Drop the pictures and extract exactly the lines from the one that contains "山東濱州市暫停舉行2022年度執(zhí)業(yè)藥師資格考試的公告" through the end of the material.
=== Information given ===
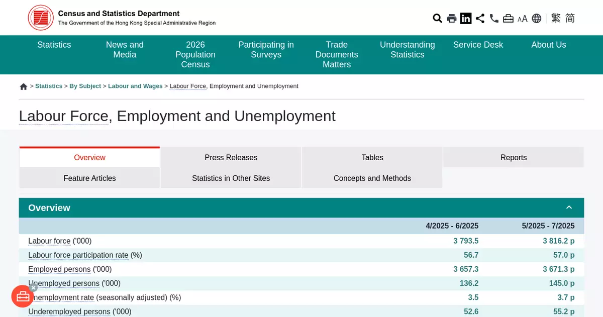 According to the latest labour force statistics (i.e. provisional figures for May - July 2025) released today (August 19) by the Census and Statistics Department (C&SD), the seasonally adjusted unemployment rate increased from 3.5% in April - June 2025 to 3.7% in May - July 2025. The underemployment rate remained unchanged at 1.4% in the two periods.
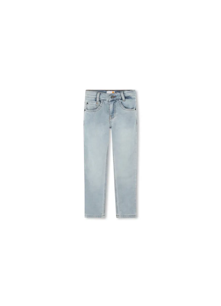 These Timberland jeans are an everyday staple. They come in a very modern, slim fit. The waist is adjustable up to age 10, allowing them to be tailored to fit your child’s body shape.
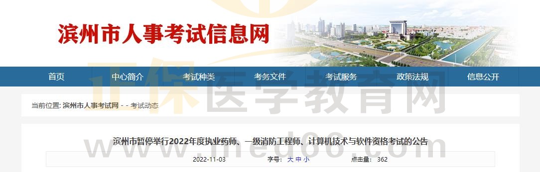 山東濱州市暫停舉行2022年度執(zhí)業(yè)藥師資格考試的公告
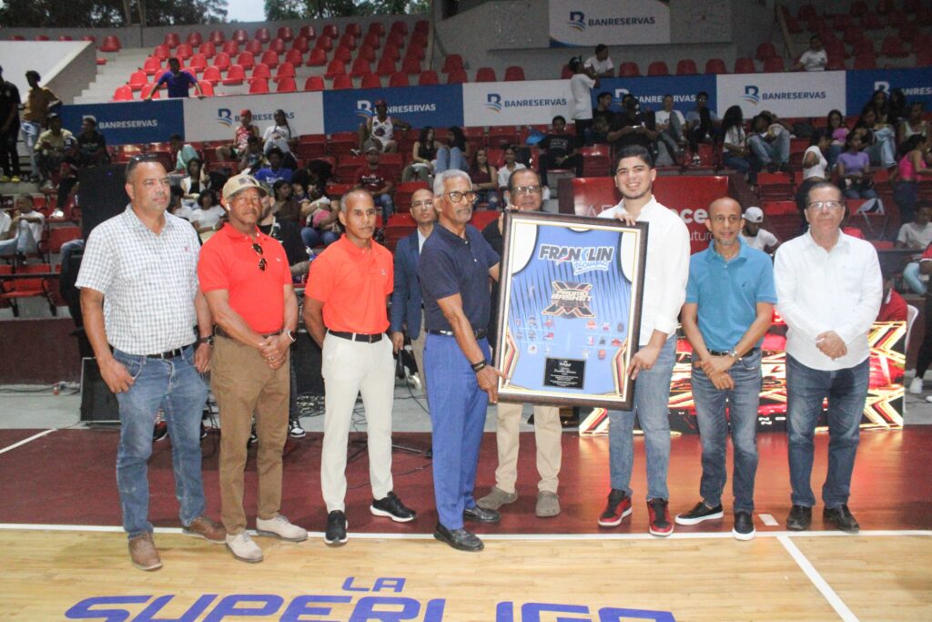 El regidor Víctor Abreu recibe una placa de reconocimiento en representación del senador Franklin Romero en la apertura de la Promo Basket.
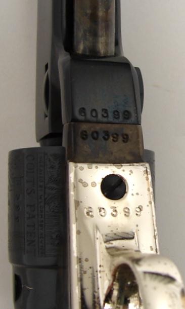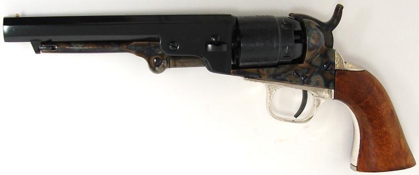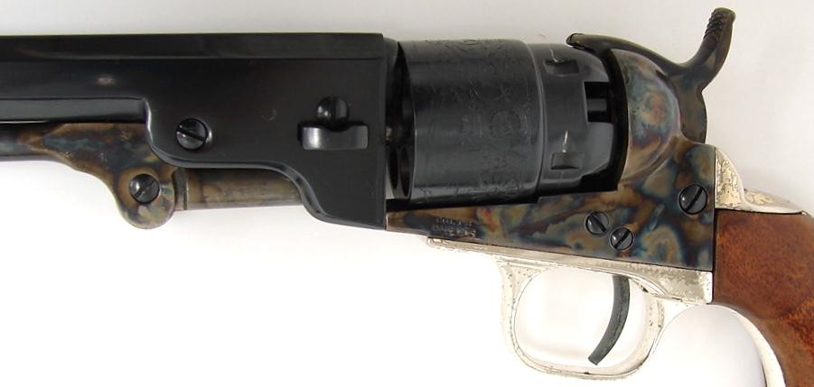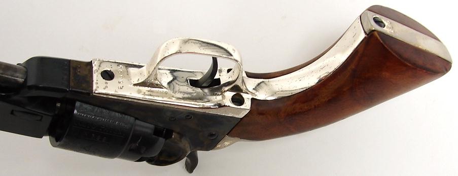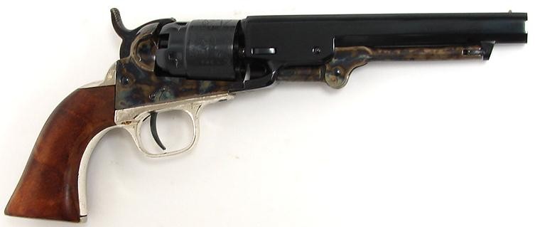 Colt Pocket Navy .36 caliber Signature Series revolver. Has factory defect on grip strap. Bubbled nickel.
===
### The answer
 山東濱州市暫停舉行2022年度執(zhí)業(yè)藥師資格考試的公告
 El regidor Víctor Abreu recibe una placa de reconocimiento en representación del senador Franklin Romero en la apertura de la Promo Basket.
 Colt Pocket Navy .36 caliber Signature Series revolver. Has factory defect on grip strap. Bubbled nickel.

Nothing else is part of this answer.